On my first trip into town to pick things up, I ran into him. His eyes followed me as I drove on by. I smiled, waved and gulped. I should have been at work by then and he knew it. I sent him a text message. “Late for work! We need to be at the hall by 7:30 for speeches…” I got an “x” in return. I thought he was on to me. The adrenalin was upsetting my stomach.
We were late getting access to the hall and being technologically un-inclined, the set-up of the slideshow took me a lot longer than expected. I needed to get home to whip up the spaghetti I had promised the birthday boy for dinner.
After our meal, “We don’t have to be the first ones there, do we?” he asked. “Uh, no, but I don’t want to miss the speeches,” I reminded him.
When we pulled up to the building, one of my friends was outside, smoking a cigarette. When she recognized my truck she ran in to assemble everyone. Climbing the steps to the hall, the Farmer says, “Who is this party for, again?” He is 60. We are both getting forgetful. My heart was pounding. I had almost succeeded in surprising him. Then he saw the slideshow of our photos on the wall. He stopped and peeked around the corner. I had to pull him into the room.
“Oh no you didn’t,” he said. Everyone jumped out then to surprise him, and I could relax. I thought I was going to have a heart attack. The adrenalin rush was a bit much. I really don’t think I will be doing that again. But I think the Farmer was pleasantly surprised, and a little overwhelmed.

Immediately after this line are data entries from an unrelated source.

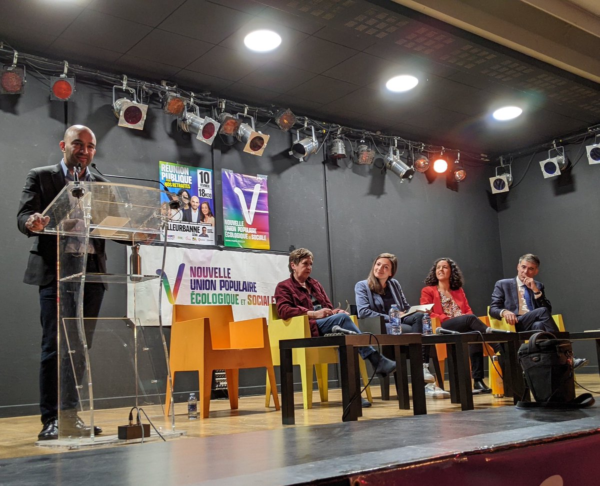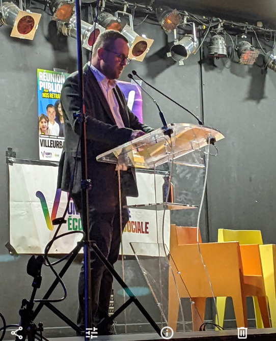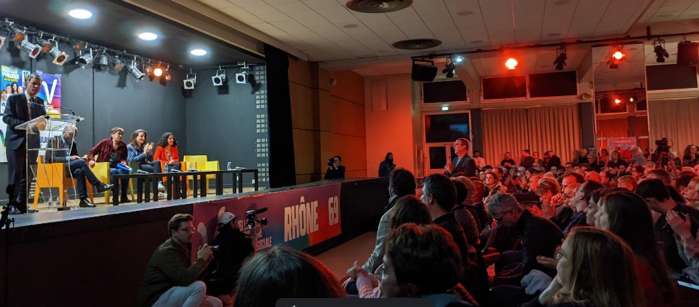 Le maire de Villeubanne @cvansty introduit la soirée et rappelle la longue tradition de gauche de la ville. "Nous ressentons de dire l'avenir que nous voulons, et celui que nous ne voulons pas".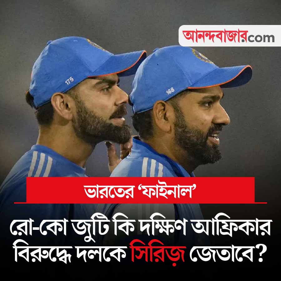 আজ রোহিত শর্মা-বিরাট কোহলিদের ‘ফাইনাল’ ম্যাচ। ভারত বনাম দক্ষিণ আফ্রিকা তৃতীয় এক দিনের ম্যাচ। তিন ম্যাচের সিরিজ়ের ফল এখন ১-১। আজ যারা জিতবে সিরিজ় তাদের। টেস্ট সিরিজ়ে চুনকাম হওয়ার পর ভারত যদি এক দিনের সিরিজ়েও হারে, তা হলে কোচ হিসাবে গৌতম গম্ভীরের ভূমিকা নিয়ে নতুন করে প্রশ্ন উঠবে। ভারতের ভরসা একটিই, ফর্মে রয়েছেন কোহলি। প্রথম দু’টি ম্যাচেই শতরান করেছেন তিনি। আজ কি ভারতকে জেতাতে পারবেন রো-কো? খেলা শুরু দুপুর ১:৩০ থেকে। খেলা দেখা যাবে স্টার স্পোর্টস চ্যানেল ও জিয়োহটস্টার অ্যাপে।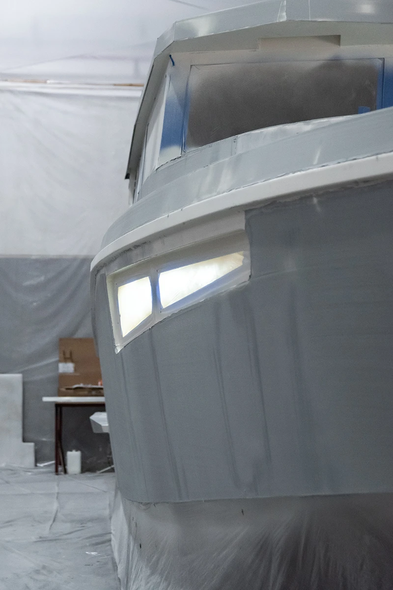 Then each boat is moved to the paint shop for the next step, which takes about 2 months. From the pre-sanding and preparation of all surfaces to create the perfect smooth base, to the careful application of the finishing coat, everything is handcrafted by our specialists. The use of premium marine-grade materials enhances the aesthetic appeal of the boat while giving an additional level of protection against saltwater corrosion and environmental exposures.

Most people don’t believe me when I tell them the Farmer is sixty years old. He looks much younger than that – but then, sixty is much younger these days. People don’t really retire –they just switch focus. Today’s pre-seniors spend more time pursuing quality of life – hobbies and activities they enjoy. After retiring from teaching, my sixty-year-old is working on his new career as a real estate agent. In his spare time he is cattle farming, building a log cabin, cooking Sunday dinners for up to twenty people a week and spending time deep in conversation with his new granddaughter. Life is looking pretty good at sixty. And the age comes with a sexy title.